A JOIN operation is necessary for SQL to do it:
SELECT employee.id, employee.name, employee.salary+manager.allowance FROM
employee LEFT JOIN manager ON employee.id=manager.id
But for two tables having a one-to-one relationship, we can treat them like one table:
SELECT id,name,salary+allowance FROM employee
According to the stipulation, homo-dimension tables are joined according to the primary keys. Records with same primary key values correspond exclusively to each other. The expression “salary+allowance” is uniquely computed over each record of the employee table, having no possibility of causing ambiguity.
Homo-dimension tables are equal. One can refer a field of another.
**3. The integration of the parent and child tables **
A typical example of the parent and child tables is the orders table and the order detail table, like the following two tables:
The Orders table, with the following fields:
The OrderDetail table, with the following fields:
The Orders table’s primary key is id field. The OrderDetail table’s primary key is id and no fields. The former is a part of the latter.
We might want to know the total amount of every order.
The following is the SQL code:
SELECT Orders.id, Orders.customer, SUM(OrderDetail.price)
FROM Orders JOIN OrderDetail ON Orders.id=OrderDetail.id
GROUP BY Orders.id, Orders.customer
SQL needs a GROUP BY to reduce the records with same ids produced by JOIN operation.
If we treat the child table OrderDetail as a field of the parent table Orders, with the field values being the records in the child table matching the primary key of the parent table, the JOIN and GROUP BY won’t be necessary:
SELECT id, customer, OrderDetail.SUM(price) FROM Orders
Unlike a conventional field, the values of OrderDetail field are sets, because the relationship between a parent table and its child table is one-to-many.
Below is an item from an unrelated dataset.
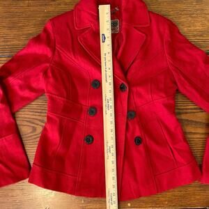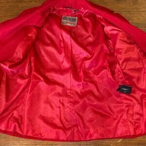 Guess Los Angeles 1981 Wool Blend Coat Size Medium Cherry Red Thick Collared EUC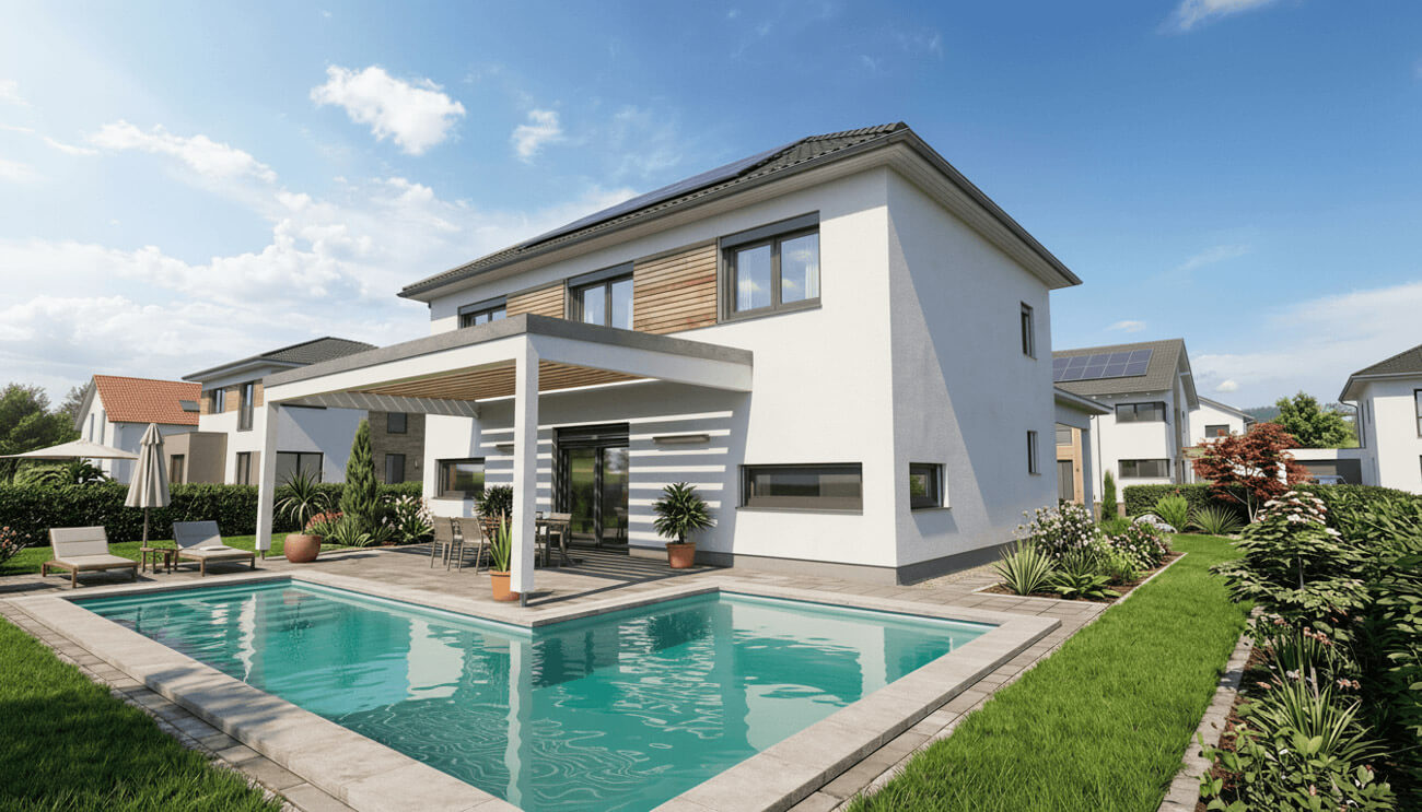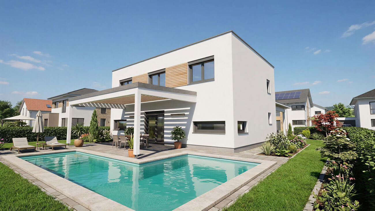Besonders flexibel zeigt sich das Design bei der Dachgestaltung: Ob klassisches Walmdach mit Photovoltaik-Option oder ein minimalistisches Flachdach im Bauhaus-Stil – das Individual Living 119 passt sich Ihrem persönlichen Geschmack und den örtlichen Gegebenheiten perfekt an. Der großzügige Außenbereich mit integrierter Pool-Landschaft und moderner Terrassenüberdachung erweitert den Wohnraum an warmen Tagen direkt ins Grüne.

Here an aggregation is performed over each set type value to get a single value.
This perspective on associating tables makes the query easy to write and understand, as well as less error-prone.
Suppose the Orders table has another child table that records the status of payments:
The OrderPayment table, with the following fields:
We might want to find the orders that haven’t yet been fully paid, or whose accumulated payments are less than the total amount.
We shouldn’t simply JOIN the three tables. A many-to-many relationship will happen between the OrderDetail table and the OrderPayment table and the result will be wrong (Try thinking about the high possibility of error occurrence by performing a many-to-many join mentioned in the previous article). The right way is to GROUP the two tables separately and JOIN each grouped result with the Orders Table. The query will be complicated.
If we treat each child table as a field of the parent table, the query will be simple and easy:
SELECT id,customer,OrderDetail.SUM(price) x, OrderPayment.SUM(amount) y FROM Orders WHERE x>y
This way, the error caused by a many-to-many relationship can be avoided.
The parent table and its child table are not equal. But a two-way reference is allowed. The above is the case of referencing records of the child table from the parent table. The reference in an opposite direction is similar to that from a foreign key table.
By treating a multiple table related operation as a relatively complex single table operation, we abandon the Cartesian product to look at the JOIN operations from a different perspective. The new approach almost eliminates associating actions from the most common equi-join operations, and even the JOIN key word from the syntax, creating simple and easy to understand queries.